There are more slaves, predominatley African slaves ,enslaved by Africans, today then there has been in all of history.
Wiki is not the most trustworthy of cites so I suggest that you go directly to the U.N. internet source.
I’ve been there, I’ve seen it, perhaps your Ebonics tutor can make it clearer to me .
With the caveat that being “Whitey”, I’m obviously a racist.
No written languages in Sub-Saharan Africa? No History or literature? No exploration or trade? No science or philosophy? Not so.
For many of those items, take a look at the Aksumites:
There you have it - sub-saharan Africans creating an “important trading nation”, trading with Rome and India, even acting as colonialists outside of Africa (!!!), named as one of the four major world powers of its day …

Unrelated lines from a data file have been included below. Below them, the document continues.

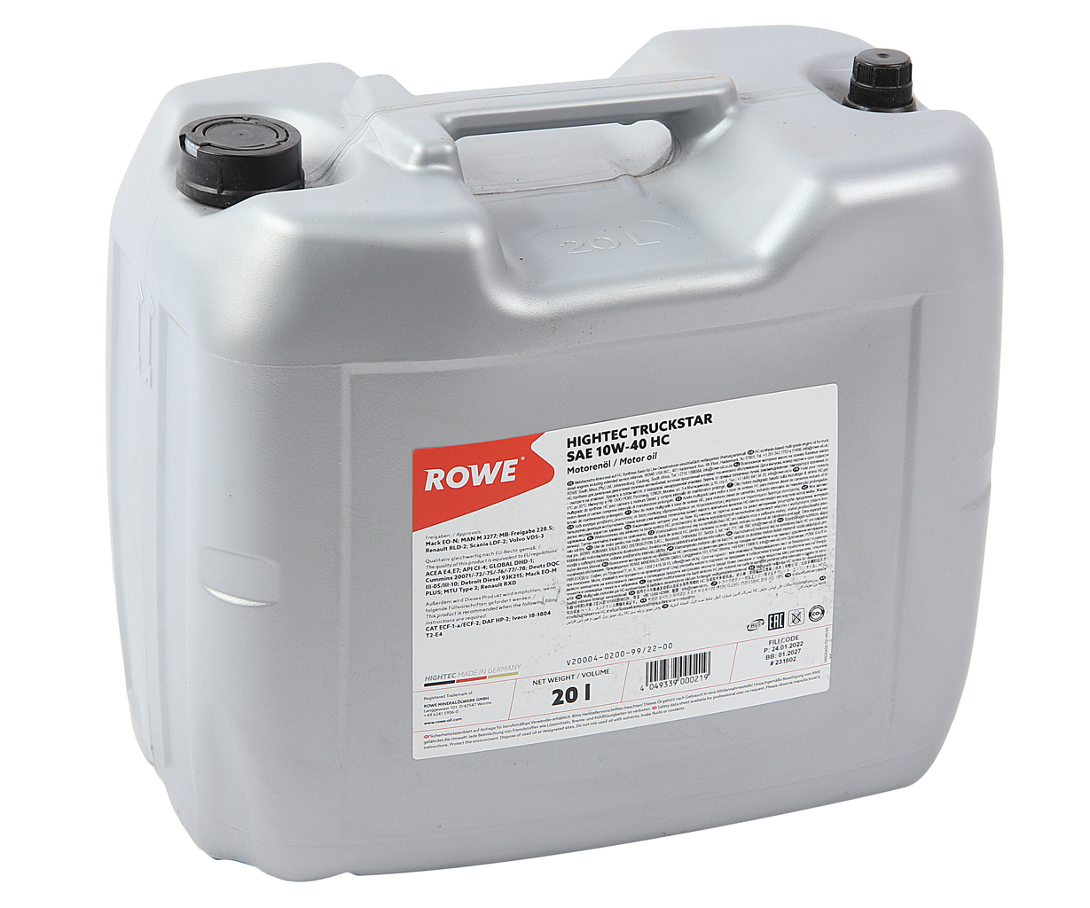 ROWE 20004020099 Масло моторное ROWE HIGHTEC TRUCKSTAR SAE 10W-40 HC (20л) ACEA E4,E7,API CI-4,GLOBAL DHD-1,Cummins 20071/-72/-75/-76/-77/-78,Deutz DQC III-05/III-10,Detroit Diesel 93K215,Mack EO-M PLUS,MTU Type 3,Renault RXD,Scania LDF-2CAT ECF-1-a/ECF-2
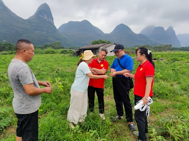6月12日至13日,广西薯类创新团队桂北综合试验站联合国家木薯产业体系病害防控岗团队,由桂北试验站站长、高级农艺师杨艺玲带队,一行4人协同病害防控专家时涛研究员、王国芬副研究员,深入桂林、来宾、柳州等地市(县、区),开展木薯花叶病毒病发生情况专项调研及田间防控技术指导。
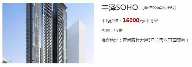动态:丰泽SOHO目前在推39-116㎡带装修现房公寓,产权70年,参考均价16000元/㎡,预计5月份开盘
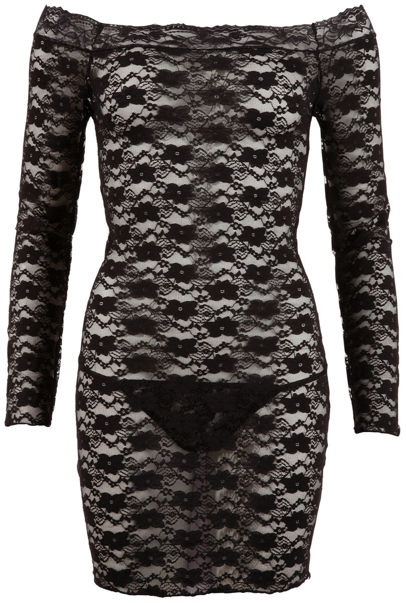 Tight and slim-fitting longsleeved mini dress made of black lace. Matching string included. 94% polyamide, 6% polyester.
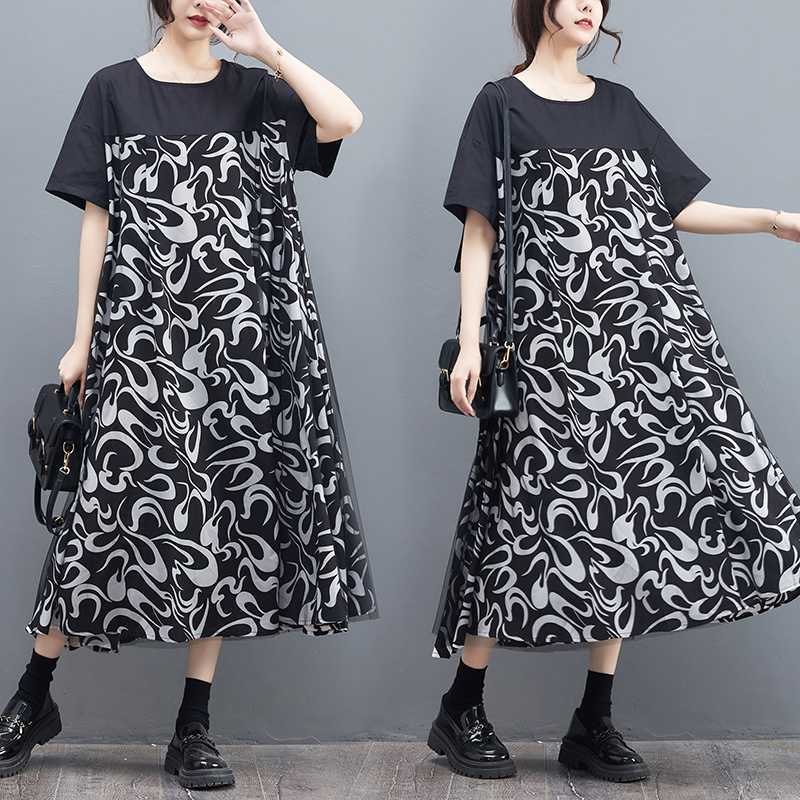 Свободное платье большого размера в стиле пэчворк из сетки с художественным принтом, с широкими рукавами и плиссировкой, стройнящее
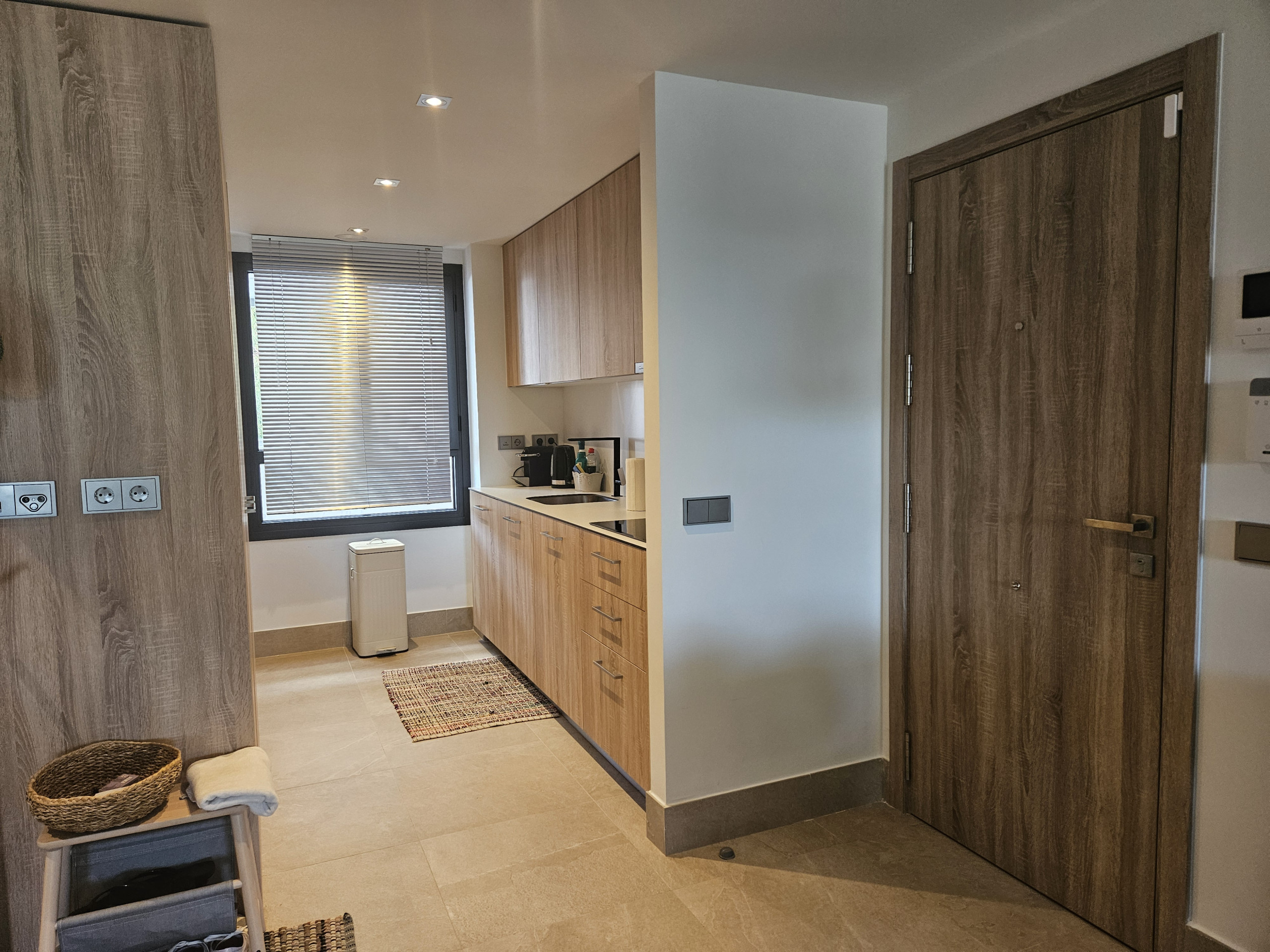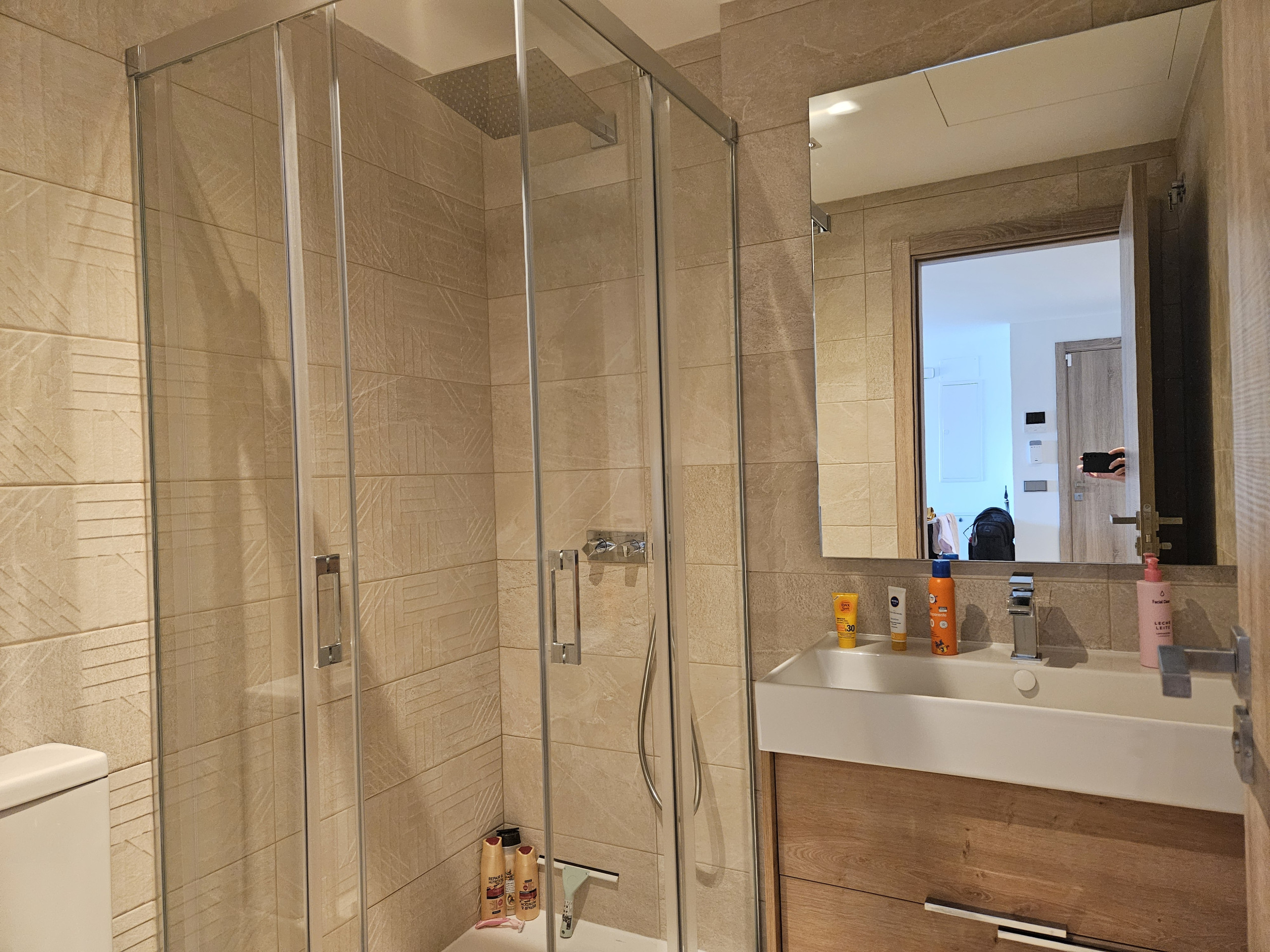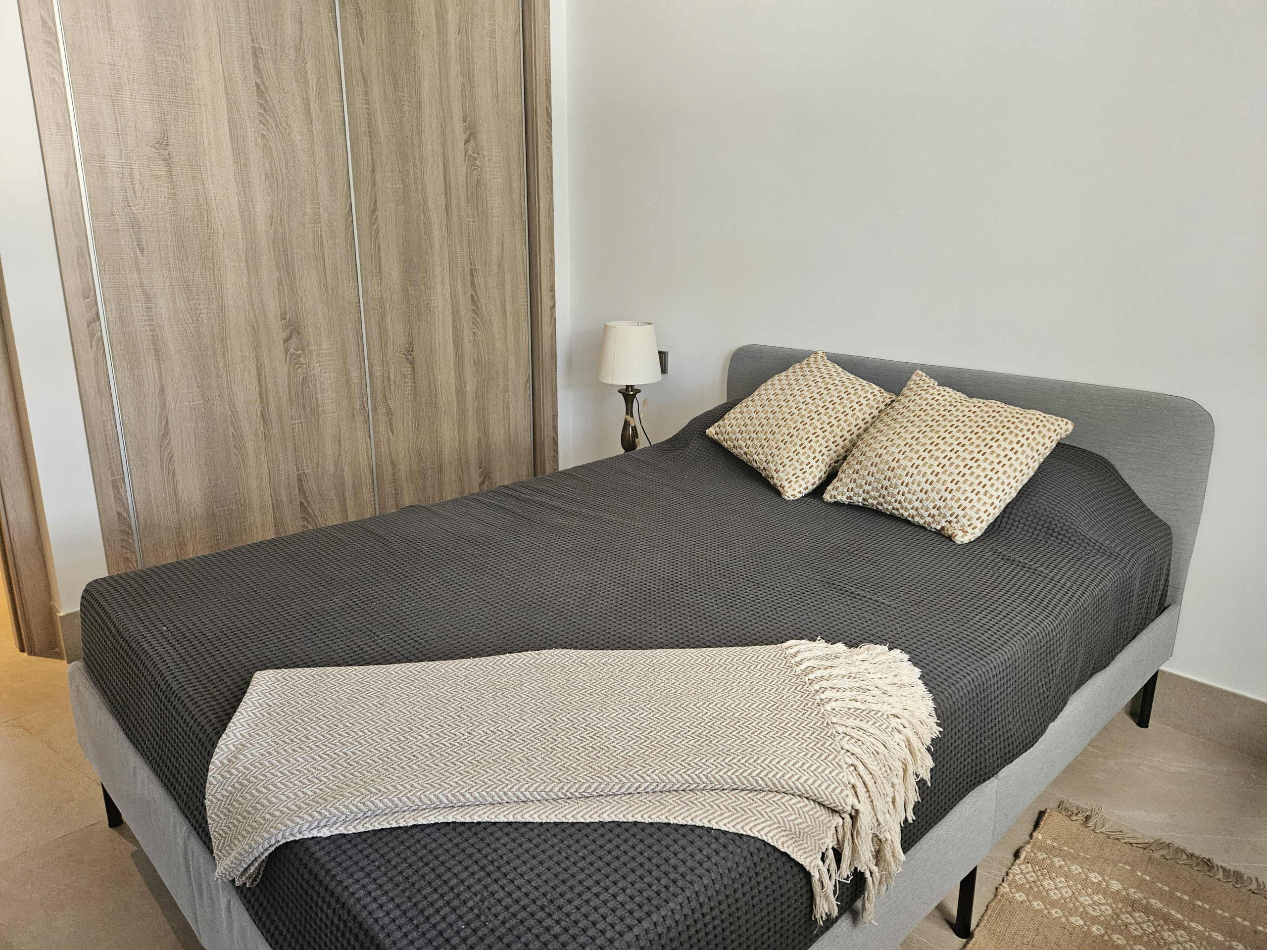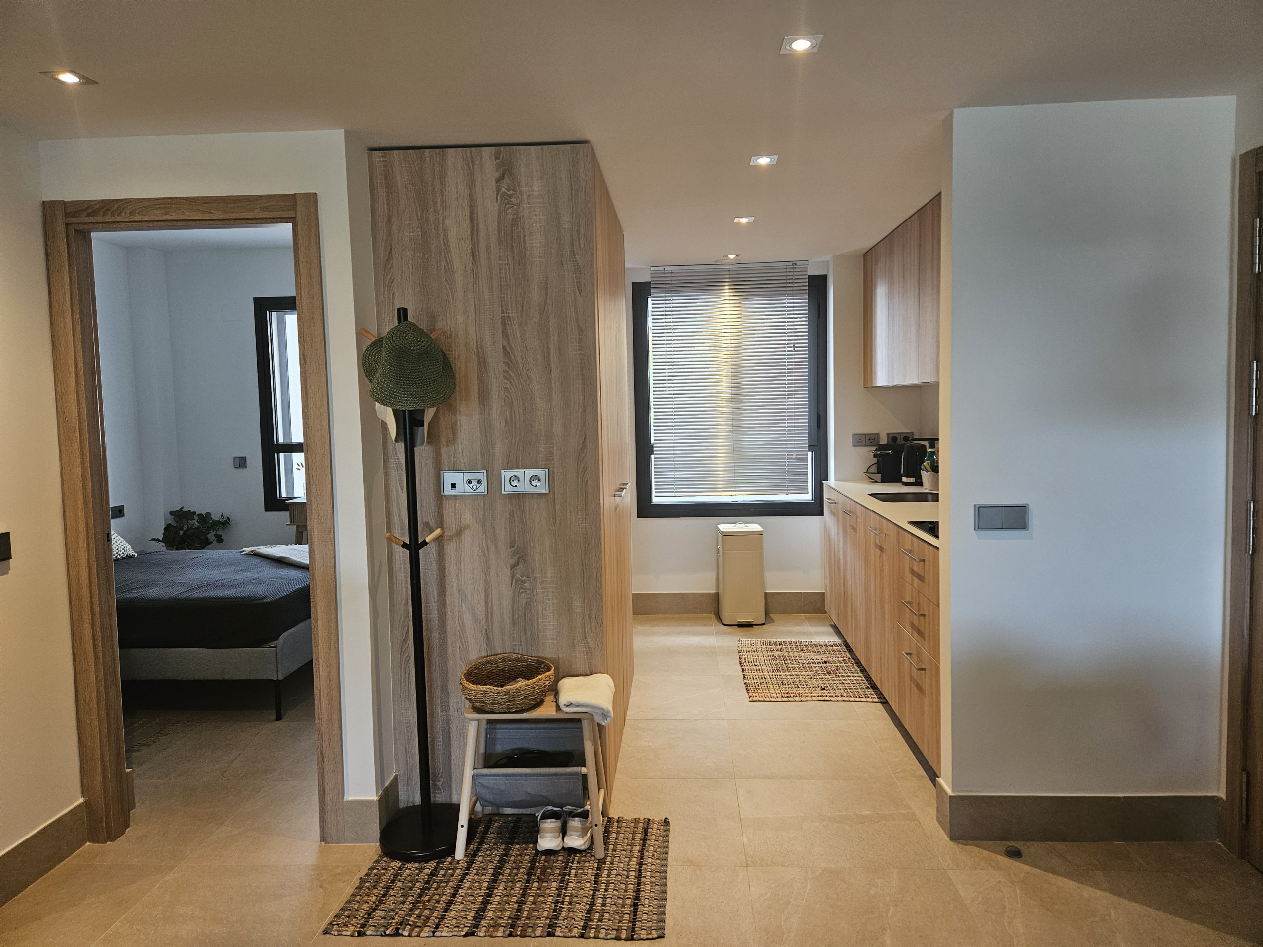 El interior de la propiedad incluye un salón y un área de comedor de buen tamaño, con sofá cama de cuero color crema, televisión de pantalla plana grande y acceso a la terraza principal. Hay una cocina moderna totalmente equipada y el dormitorio tiene una cama doble, con armarios empotrados y un baño completo con ducha grande, secador de pelo y planchas de pelo. La propiedad se beneficia de aire acondicionado frío y caliente en todo el espacio y WiFi gratuito. Dos plazas de aparcamiento en el garaje subterráneo seguro y se admiten mascotas.

As for “overseas trade networks they established”:
Not too shabby, eh?
They certainly had written language:
As for scholarship, the most famous centre in sub-saharan africa was probably the masdjid of Sankore, part of the famous university of Timbuktu, in which “literature covering topics of science, math, and medicine are also observed, among other disciplines”:
…
All of the accomplishments you seek have, in point of fact, been accomplished by sub-saharan Africans. Obviously they are not incapable of science, literature, forming trade networks, etc. - because they have done all those things.
I thought the University of Timbuktu was established by the Tuareg Imashagan? These were saharan nomads with mixed ancestry. Some have significant sub-saharan ancestry as they were involved in operating the trans-Saharan slave trade.
Timbuktu’s golden age was during the Songhai empire.
Again, “black” and “not black” are not meaningful terms in the Sahel, unless you are specifically talking about Europeans. The Taurags are not “mixed race” anything. They are simply Taurags, as they have been for thousands of years.
The most brutal slave trade in Africa right now is child slave labor for use on cocoa plantations, the majority of which gets bought by foreign companies. Traditional African slavery is something a bit different. It’s more like a very heavy caste/serf system. Slaves can and do work for wages, buy themselves out of slavery, and even own slaves themselves. It’s bad and needs to be abolished, but it is it’s own system and not like what we think of when it comes to classical “slavery.”